# YOUR ASSIGNMENT:
Beginning with the line that holds "Cult Gaia designs", copy every remaining line of the listing below exactly, and leave the pictures out.

# AVAILABLE DATA:
((

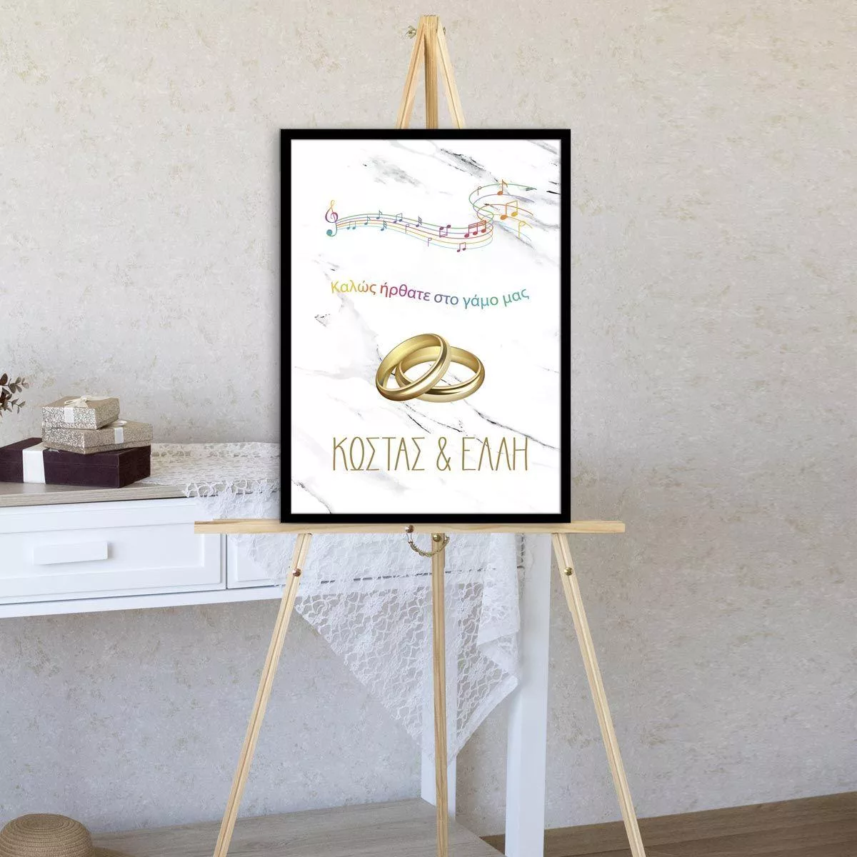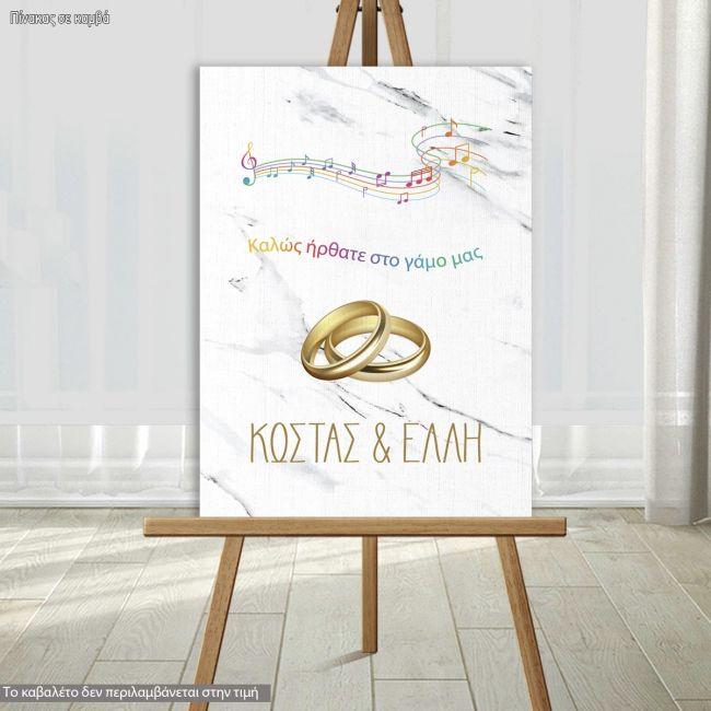Πίνακας καλωσόρισμα γάμου, Μουσική πεντάγραμμο, προσωποποιημένος
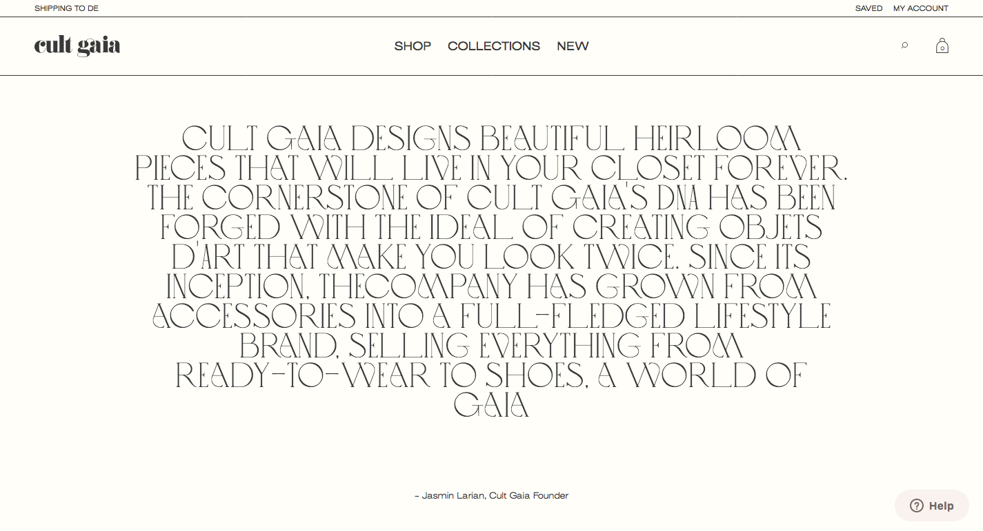 Cult Gaia designs beautiful heirloom pieces that will live in your closet forever. The cornerstone of Cult Gaia’s DNA has been forged with the ideal of creating Objets d’Art that make you look twice. Since its inception, the company has grown from accessories into a full-fledged lifestyle brand, selling everything from ready-to-wear to shoes, a world of Gaia.
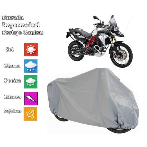 Capa cobrir moto bmw f800gs 100 % impermeável e 100% forrada proteja sua moto com a nova capa bezzter protection. A capa é forrada com tecido e impermeável, desenvolvida exclusivamente para proteção do seu automóvel, protegendo seu carro de sol, chuva, riscos, poeiras, dejetos de animais. A capa motocicletas impermeável é fabricada polietileno que ajuda a manter a qualidade e durabilidade do seu veículo protegendo de qualquer chuva, sujeira ou poeira externa. Capa no tamanho adequado a moto que está no título do anuncio. Benefícios e descrição da capa:

))

# EXPECTED OUTPUT:
 Cult Gaia designs beautiful heirloom pieces that will live in your closet forever. The cornerstone of Cult Gaia’s DNA has been forged with the ideal of creating Objets d’Art that make you look twice. Since its inception, the company has grown from accessories into a full-fledged lifestyle brand, selling everything from ready-to-wear to shoes, a world of Gaia.
 Capa cobrir moto bmw f800gs 100 % impermeável e 100% forrada proteja sua moto com a nova capa bezzter protection. A capa é forrada com tecido e impermeável, desenvolvida exclusivamente para proteção do seu automóvel, protegendo seu carro de sol, chuva, riscos, poeiras, dejetos de animais. A capa motocicletas impermeável é fabricada polietileno que ajuda a manter a qualidade e durabilidade do seu veículo protegendo de qualquer chuva, sujeira ou poeira externa. Capa no tamanho adequado a moto que está no título do anuncio. Benefícios e descrição da capa:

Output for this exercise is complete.